But while the big end of town sees signs of recovery, this does not translate into a broader recovery for an increasingly casualised work force and for women.
Your Super, Your Future reforms
The good news is that the superannuation guarantee — which employers must pay — rose to 10% on July 1.
The government’s reforms include changes to the default system. First is the “stapling” of a worker to a single super fund (of their choice) from their first job. This prevents workers being forced into the industry, or other fund of their employer or industry’s choice, possibly against their best interest.
Previously, an employer could dictate which fund the worker used via payroll. If they had multiple employers (whether consecutive or subsequent) they would end up with multiple super accounts.
Overcharging on “administration” and other unconscionable fees was rampant and every year workers were ripped off.

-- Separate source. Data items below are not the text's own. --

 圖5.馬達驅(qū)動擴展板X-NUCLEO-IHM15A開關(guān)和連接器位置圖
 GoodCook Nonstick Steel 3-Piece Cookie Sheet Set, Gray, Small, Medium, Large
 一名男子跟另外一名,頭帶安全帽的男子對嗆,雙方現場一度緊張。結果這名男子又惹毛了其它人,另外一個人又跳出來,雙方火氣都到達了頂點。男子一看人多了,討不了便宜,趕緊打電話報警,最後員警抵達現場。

Second is the new Super Comparison Tool, provided by the Australian Taxation Office. Similar to the loan comparison calculators all financial institutions were forced to publicly provide after the global financial crisis, it allows someone to go online and compare all 80 MySuper products, ranked by fees and net returns and which are updated quarterly.

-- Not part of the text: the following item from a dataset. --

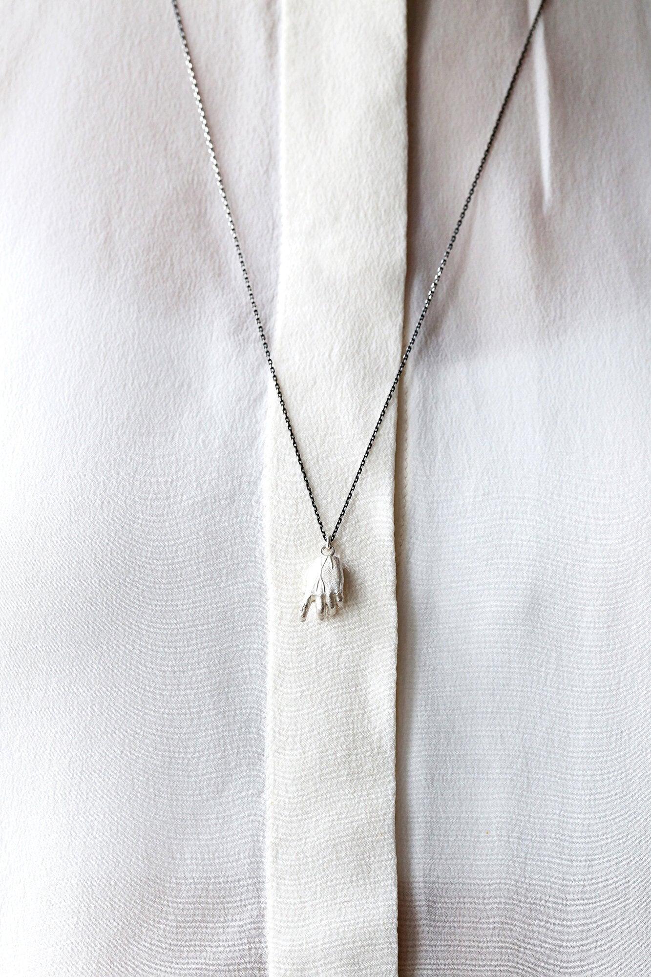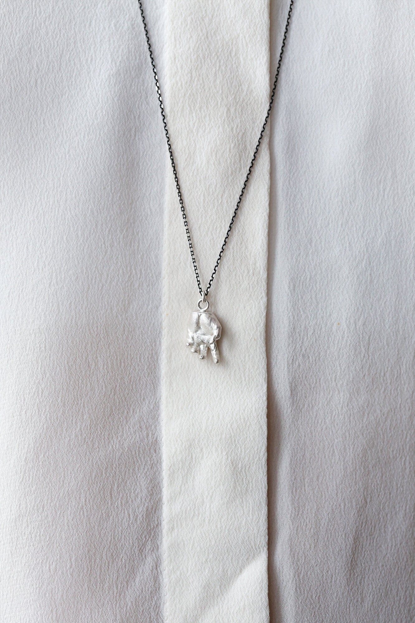 Recycled sterling silver with a black rhodium plated silver chain.Dimensions: The hand is approx. 13mm x 10mm x 7mm. The chain is 30 inches.

The third key reform is the introduction of an annual performance testing for super funds. If a fund fails to meet the legislated performance criteria, it is not allowed to take on new members until the relevant performance issues are addressed.
This will prevent large, under-performing funds from dominating the market.
When the compulsory superannuation scheme was introduced, full-time permanent jobs were the norm. Over decades, part-time, casual and job sharing arrangements have risen.
Now, in the age of the gig economy and insecure work, more and more workers are in “app rostered”, paid-by-the-gig work, or paid by the likes of Uber at the lowest possible rates.
Gig economy corporations take great pains to ensure these workers are classified as “self employed independent contractors”, responsible for their own super and insurances.
The increasing number of casualised and precarious workers missing out on superannuation is a reminder of one fundamental problem: the superannuation scheme was put forward by a Labor government as a way of replacing or reducing expenditure on the age pension.
Tax dodge
However, today, many workers still have to rely on the age pension because their superannuation balances are too small. Concurrently, the system is being used by the wealthy as a massive tax dodge.
According to Matt Grudnoff, senior economist at the Australia Institute: “Superannuation tax concessions were initially designed to help Australia become less reliant on the aged pension, but with the rapid increase in the concessions they will soon become even more costly. These tax concessions are big, getting bigger, and plainly unfair.
“This represents a spectacular failure of policy as superannuation tax concessions designed to reduce the budget cost of the aged pension have themselves grown rapidly and look to soon cost taxpayers more than the aged pension itself.”
The Actuaries Institute (AI) said there are significant problems with some of the new regulations, including the underperformance test which is applied to super funds. In its submission to Treasury, AI said the proposed test is not fit for purpose, partly due to how it is calculated.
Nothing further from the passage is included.